Der onvista-Börsenfuchs: Die Krisen-Krise

 05.09.22

Hallo Leute! Kennt Ihr eine Situation, wo wichtige politische Maßnahmen von den Betroffenen voll gelobt werden? Nee, gibt’s nicht. In einer parlamentarischen Demokratie ist es üblich, in jedem Fall zu Meckern: Es trifft die Falschen, kommt zu spät, ist zu wenig usw. Ganz leise hatte ich am späten Sonntag gehofft, dass die Ampel für ihr drittes Paket wenigstens teilweise Beifall kriegt. Dann kam aber noch die russische Gas-Bremse obendrauf. Inzwischen freuen sich die Medien, aus allen Lagern Stimmen der Besserwisser sammeln zu können. Und niemand regt sich darüber auf, dass die Krisennachrichten fast täglich zunehmen.

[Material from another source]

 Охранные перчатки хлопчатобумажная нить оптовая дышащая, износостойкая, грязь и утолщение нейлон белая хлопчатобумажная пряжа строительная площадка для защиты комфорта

Heute ist so ein Tag. Schon früh kamen weitere Krisensignale, so unter anderem: Unternehmensstimmung im Euroraum trübt sich weiter ein, Euro fällt auf 20-Jahres-Tief, Aktienkurse beginnen schwach, Konsumstimmung in Deutschland hat sich im September noch einmal verschlechtert - eine Trendumkehr ist nicht in Sicht, es droht eine sehr tiefe Rezession. Geradezu deprimierend liest sich der neue (auf Umfragen basierende) Stimmungsbericht von Sentix: Die Rahmenbedingungen für die globale Konjunktur haben sich Anfang September weiter verschlechtert. Während in Europa schon länger die Vorzeichen auf eine beachtliche Rezession hindeuten, mehren sich nun auch die Anzeichen für eine entsprechende Entwicklung auf globaler Ebene. So verschlechtern sich die Sentix Konjunktur-Indizes für alle betrachteten Regionen und Länder. Der dritte Rückgang der Werte für China ist dabei von besonderer Wichtigkeit. Aber auch in der Eurozone vertieft sich das rezessive Umfeld weiter.

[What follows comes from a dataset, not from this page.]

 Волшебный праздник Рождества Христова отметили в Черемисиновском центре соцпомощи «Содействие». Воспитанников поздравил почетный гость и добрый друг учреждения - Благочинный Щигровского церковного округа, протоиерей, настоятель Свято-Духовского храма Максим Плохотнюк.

Puh, das klingt übel! Die Verschlechterung der Konjunktur in der Eurozone trägt inzwischen historisch einmalige Züge, berichten die international tätigen Frankfurter Sentiment-Forscher. Nie zuvor in der mehr als 20-jährigen Historie, mit Ausnahme der Finanzkrise im Jahr 2008, war die Lagebeurteilung der Anleger zur Euroland-Konjunktur so schwach – und die Erwartungswerte gleichzeitig ebenfalls so niedrig. Sehr wahrscheinlich hat bereits eine „erhebliche, rezessive Entwicklung“ eingesetzt. Denn die Konjunkturerwartungen sind ebenfalls erneut gefallen – auf den niedrigsten Stand seit Dezember 2008, als die damalige Finanzkrise nach dem Bankrott der Lehman-Bank ihren Höhepunkt erreichte. Resümiert Sentix: In der historischen Rückschau wird damit klar, dass die aktuelle Eurokrise Wirtschaftsverwerfung in ihrem Ausmaß den Zusammenbruch der Tech-Werte (2003), die Euro-Krise (2012) und selbst den Einbruch im Zuge der Corona-Lockdowns (2020) toppt: Wie tief die Wirtschaftskrise in der Eurozone ist bzw. zu werden droht, ist an der deutschen Volkswirtschaft „leider einfach“ zu erkennen. Denn die Konjunkturerwartungen sind auf ein Allzeit-Tief gefallen! Dies zeigt die gesamte Dramatik der aktuellen Krise: Die Lage ist schon schlecht, doch noch erblicken die Anleger kein nachhaltiges Licht am Ende des Tunnels.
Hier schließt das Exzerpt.